Keywords: Avian coccidiosis; mushroom extract; phytomedicine; broiler

Introduction

Commercial poultry production is expanding geometrically every day and this is enhancing the provision of affordable and high quality proteins (Ghafoor et al. 2010). However, poultry farming is still faced with many gastrointestinal diseases like coccidiosis which are preventing its growth (Hafez 2011). The coccidial parasites develop and multiply in the intestinal epithelium causing tissue damage, blood loss, reduced feed consumption, poor absorption of nutrients, dehydration, retarded growth and death (Seifert, 2006). Anticoccidial drugs and feed additives have been used in the  prevention and treatment  of the disease but emergence of drug resistant strains of Eimeria and presence of drug residue in animal products have aggravated the problem (Abbas et al. 2011). Another effective control method of coccidiosis is the use of live Eimerial oocysts as vaccine (Shirley and Lillehoj 2012), however, use of live vaccine under poor production management system in broiler chickens may cause negative adverse effects resulting reduced flock performances.  (Chapman 2000). As a result of the drawback in using live Eimerial oocysts as vaccine, attenuated vaccine containing Eimerial oocysts with mild infective ability have been developed, however, the cost of production is high and variation in Eimeria species and strains in different climatic regions is another bottleneck, rendering vaccine strains that stimulate immune protection in a zone ineffective in other domains. Due to the emergence of drug resistance and the disadvantages connected with vaccines, poultry farmers worldwide are depending on alternative method of control of poultry coccidiosis. Therefore, herbs and herb extracts may be highly beneficial as alternative natural medicines which contain substances of which resistance has not been found. Researchers have also been working on cheaper, non-toxic and effective treatment options for chicken coccidiosis (Zaman et al. 2011). In the light of this, more investigations are geared toward plants and their extracts for prophylaxis purposes and control of intestinal diseases caused by parasites.  (Jung et al. 2011; Badar et al. 2011).

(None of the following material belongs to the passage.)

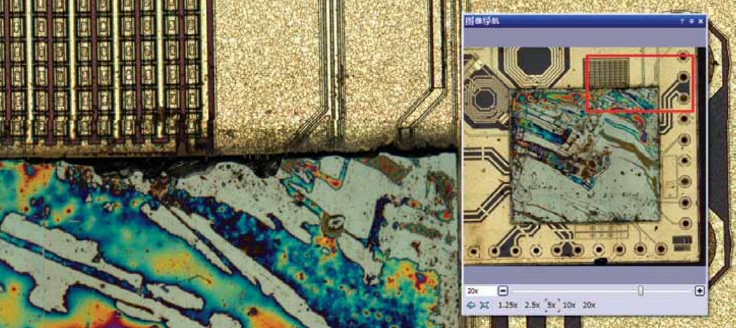 平移、縮放圖像后,在導(dǎo)航器全景圖上會實時更新當(dāng)前窗口的顯示位置,簡潔清晰的操作界面使圖像的瀏覽非常方便,并直觀地呈現(xiàn)操作結(jié)果。

Mushrooms have been used because of their medicinal properties for five millennia (Borchers 1999). Glucans and proteoglycans found in mushrooms are potent sources of gastrointestinal, biologically active immune stimulants which concurrently produce enhancing effect on all important parts of immune system. Pleurotus species are called ‘Oyster’ mushrooms. Pleurotus ostreatus proximate analysis showed presence steroidal glycosides, carbohydrates, terpenoids and tannin in small amounts, whereas, cynogenic glycosides, alkaloids and flavonoids were absent (Iwalokun et al. 2007). P. ostreatus extracts were found potent against 89.8% Saccharomycee cerevisae (10.5 – 10.8 mm), Bacillus subtilis (7.6 – 7.8 mm) and Escherichia coli (7.6 – 8.2 mm) producing greatest effects against fungi, gram +ve and –ve organisms through agar well diffusion (Iwalokun et al. 2007). Phenolic content of P. ostreatus extract was reported high (24.012 mg AE/g) when methanol was used as solvent but low in aqueous extract (16.5468 mg GAE/g) with potent antioxidant attributes.  Investigation with mushroom extracts has been found active in removing free radicals (Sanjay et al., 2015). In a study, Allen et al. (1998) discovered that compounds with antioxidant decreased the undesirable effect of E. tenella by improving the level of lipid peroxidation in the intestine.  Report by Santos-Neves et al. (2008) indicated that Pleurotus species are consumable and are planted by commercial farmers all over the world. . In Nigeria, Pleurotus species has been used by traditionalists to cure constipation, fever, cold, stomach ache and headache (Akpaja et al. 2003; Ayodele et al. 2009). More recently, Ademola and Odeniran (2016) reported trypanocidal effect of Pleurotus sarjo-caju aqueous extract in mice infected with trypanosoma congolense. It has been reported that host animals treated with mushroom polysaccharides possess strong immunity against microorganisms like bacteria, fungi, viruses and parasites by promoting lysosomal enzyme operation, phagocytosis and interleukin-1 stimulation (Estrada et al. 1997). This study investigated the anticoccidial efficacy of Pleurotus ostreatus aqueous extract against Eimeria spp. in broiler chickens.

Materials and methods

Extraction of mushroom

Fresh cultivated Pleurotus ostreatus mushrooms were obtained from Forest Research Institute of Nigeria (FRIN). The Mushrooms were air-dried at 45ºC in a drier. The dried mushroom was grounded to a fine powder by a milling machine. Extract was prepared by maceration with intermittent shaking in distilled Water with a 10:1 solvent to dry weight ratio (Eloff, 1998). The extract was filtered using Whatman No.1 filter paper and a funnel and extract was administered to birds immediately. The mixture was filtered using a previously weighed filter paper. A brown filtrate was obtained. The residue was dried, weighed again and the difference in weight gave the amount of powdered mushroom dissolved in water (w/v). Appropriate aliquots of the aqueous extract were taken and diluted to prepare graded doses of the extract for the test.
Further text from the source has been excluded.